The Millennial Star

Warnings from Russell Kirk

in 1991, Russell Kirk gave the this talk to a group of conservatives associated with the Heritage Foundation. Oh, that we had listened to him. Kirk, one of the primary conservative voices of the 20th century, said the Republican party had lost its way by becoming the party of war and big spending. And this was before the second Iraq war and our endless occupation of the Middle East! (Kirk died in 1994 and did not see the second Iraq war). Let me excerpt some key paragraphs from Kirk’s talk:

Now the Republican Party long boasted of its frugality. The Bush Administration, on the contrary, has stolen some of the Democrats’ old clothes while the sons of Jefferson and Jackson were out bathing. But those purloined garments are ragged; and Republicans look odd and unconvincing when clad in them.

Oppressive Taxation. With respect to a sharp increase in the level of taxes, it seems as if the Bush Administration really does not understand the principle of diminishing returns, or know the history of the consequences of excessive taxation. When computing our federal income tax very recently, my wife and I discovered that more than half our gross income is taken in taxation — federal income tax; Social Security taxes; state income taxes; village, township, and county taxes, school property tax; sales taxes. And we are not of the number of Franklin Roosevelt’s “malefactors of great wealth.” We are in the process of educating four young daughters, paying off mortgages, trying to save something for one’s declining years — I, being seventy-two years of age already — and contributing to charitable causes. Yet we are better off than many taxpayers. What straw will break the camel’s back?

A state that annually exacts in taxes half of a citizen’s income is more oppressive, financially, than the despotisms of old. In the ancient monarchies of China, a tax load of more than ten percent would have been thought unjust. Excessive taxation is a major cause of the decline and fall of great states: so writes C. Northcote Parkinson, the author of Parkinson’s Law, in his last book.

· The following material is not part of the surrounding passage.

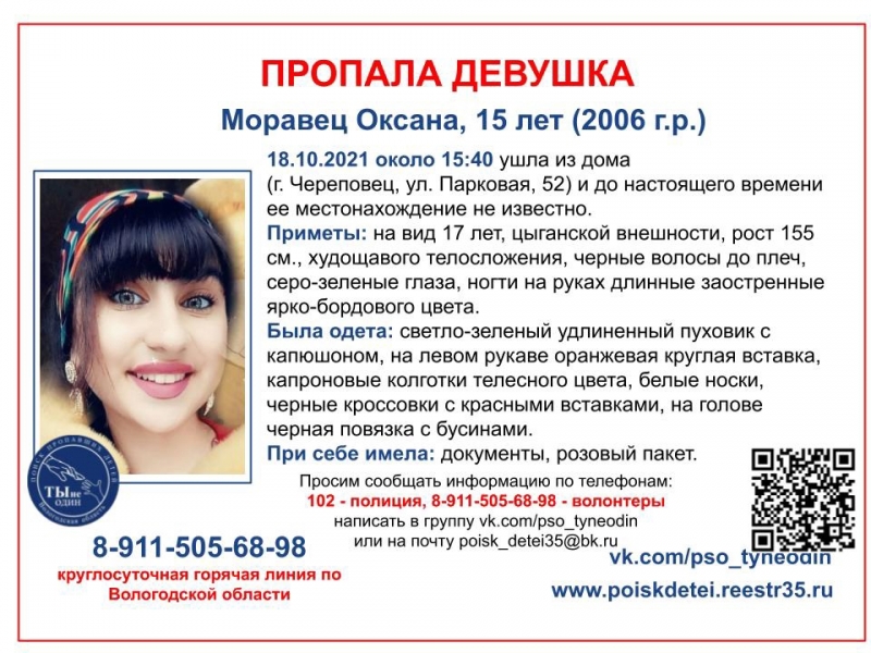 От Оксаны Моравец нет вестей с понедельника, 18 октября. Около 15:40 школьница ушла из дома на Парковой, 52. С тех пор местонахождение неизвестно. К поискам подключились волонтеры.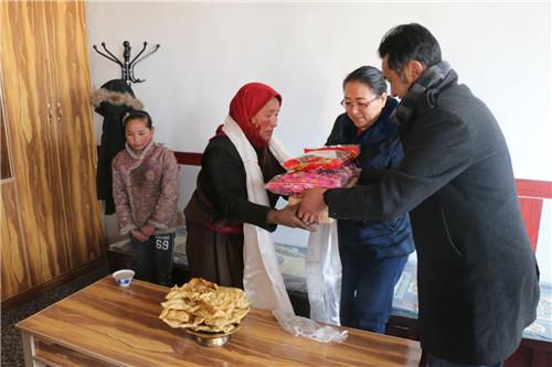 随后,尼玛卓玛书记一行深入哈尔盖镇环仓秀麻村走访慰问了4户建档立卡贫困户,为他们送去慰问金、慰问品,并送上节日的祝福。亲切询问了贫困户的家庭生产生活情况,详细了解贫困户的家庭收入、子女上学就业、致富产业发展、危旧房改造等生产生活问题,分析致贫原因,耐心听取贫困群众反映存在的问题和困难,同时宣传国家扶贫政策,鼓励他们积极寻找增收门路。

The Bush Administration had one handsome prospect for reducing governmental expenditure, reducing the federal deficit, and possibly even making a gesture at reduction of the federal debt: that is, the prospective contraction of the armed forces, what with the dwindling of the Soviet menace. Instead, Mr. Bush has plunged the United States into a war which, so far, has cost about a billion dollars a day. (You will recall that a billion dollars is a thousand million dollars.) Already, more taxation to pay for this struggle in the Levant is being discussed in Washington. So I quote Parkinson once more: “Taxes become heavier in time of war and should diminish, by rights, when the war is over. That is not, however, what happens. Although sometimes lowered when the war ends, taxes seldom regain their pre-war level. That is because the level of expenditure rises to meet the war-time level of taxation.”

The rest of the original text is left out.